Finally, keep the mapping matrix. Even after the migration, it becomes valuable documentation: it tells you where fields came from, what transforms were applied, and why the system looks the way it does. That’s useful when you onboard new editors, build automations, or run your next redesign.
Conclusion
A calm CMS migration is less about the perfect tool and more about making decisions explicit. Inventory what exists, define what you want, map fields with clear rules, and run the process in repeatable stages with measurable checks.
If you do those things, “migration” stops being a one-time fire drill and becomes a controlled data transformation you can reason about—and fix—without panic.
FAQ
Do we need to keep URLs exactly the same?
Not always, but you need a plan. If URLs change, implement redirects and verify a representative sample. Also consider internal links: even if redirects exist, updating key internal references reduces long-term maintenance.
Should we migrate old drafts and unused content?
Usually no. Drafts and abandoned pages add scope and increase edge cases. If you need them for record-keeping, migrate them into an “Archived” state or a separate space that doesn’t affect navigation or search defaults.

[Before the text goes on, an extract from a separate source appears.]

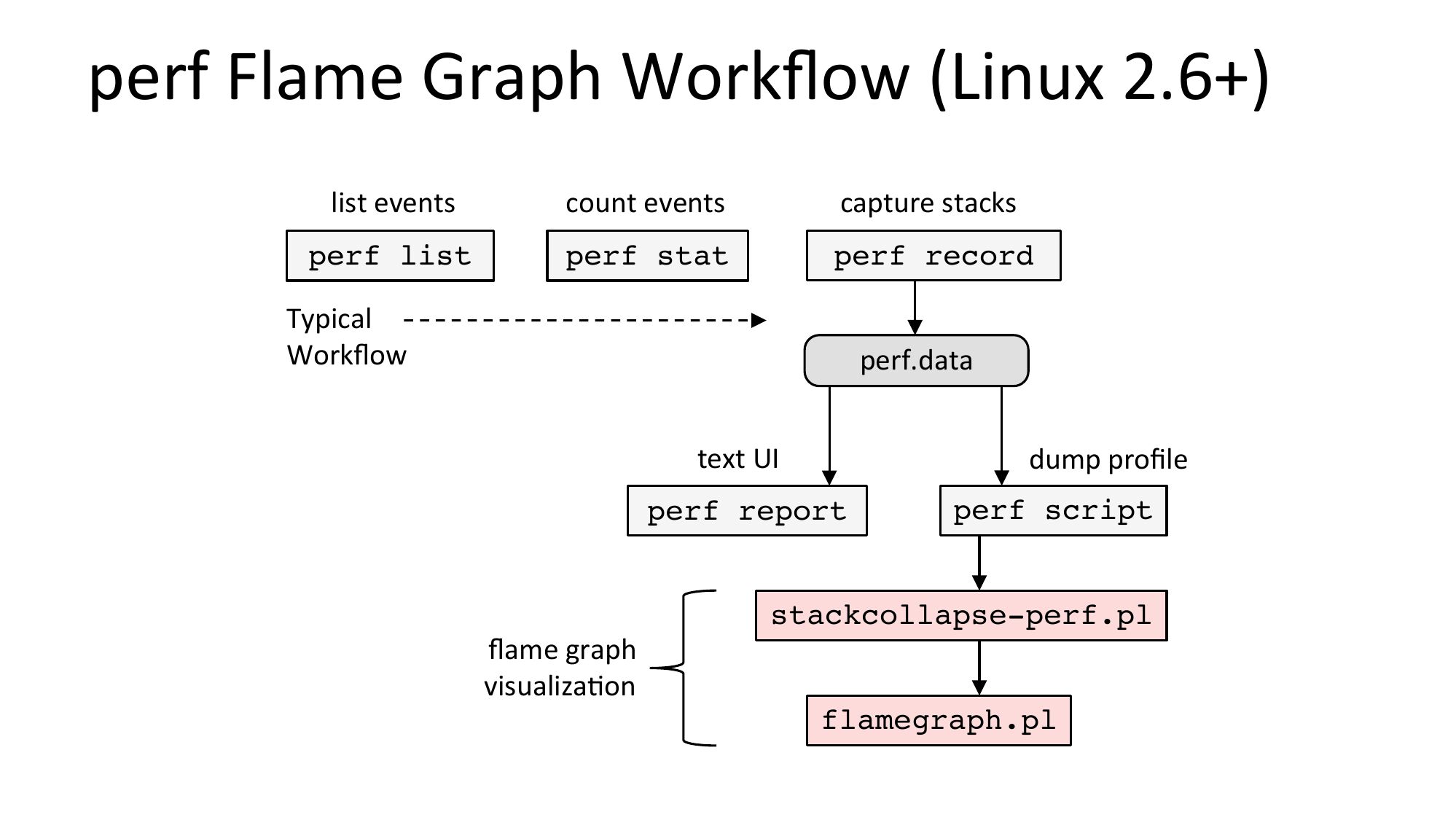 perf Flame Graph Workflow (Linux 4.5+) list events count events capture stacks perf list perf stat perf record Typical Workflow perf.data text UI dump perf report perf script flame graph visualiza/on summary perf report -g folded awk flamegraph.plslide 39:
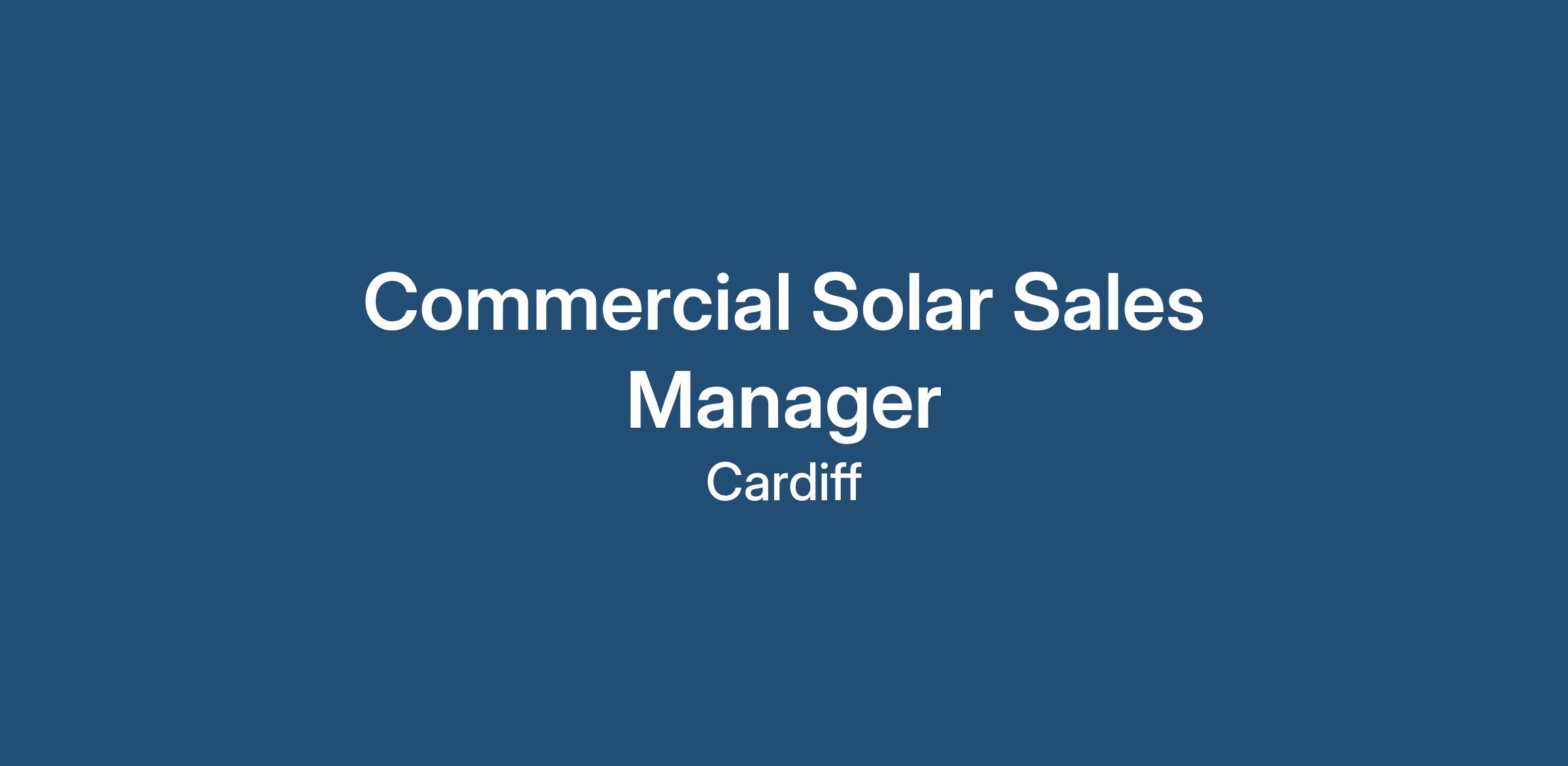 Our client is expanding into the commercial solar PV market and is seeking an experienced Commercial Solar Sales Manager to lead this exciting new division.

How do we handle rich text differences between CMS platforms?
Assume you’ll need a transformation layer. Decide what you’re preserving (headings, lists, links) and what you’re simplifying. Test a “worst case” set of content early, because formatting issues often look small but take time to correct at scale.
What’s the smallest team setup that can still do this well?
You can do a solid migration with one engineering owner, one content/ops owner, and one decision-maker for tradeoffs. The key is shared artifacts (inventory + canonical model + mapping matrix) so decisions don’t live only in someone’s head.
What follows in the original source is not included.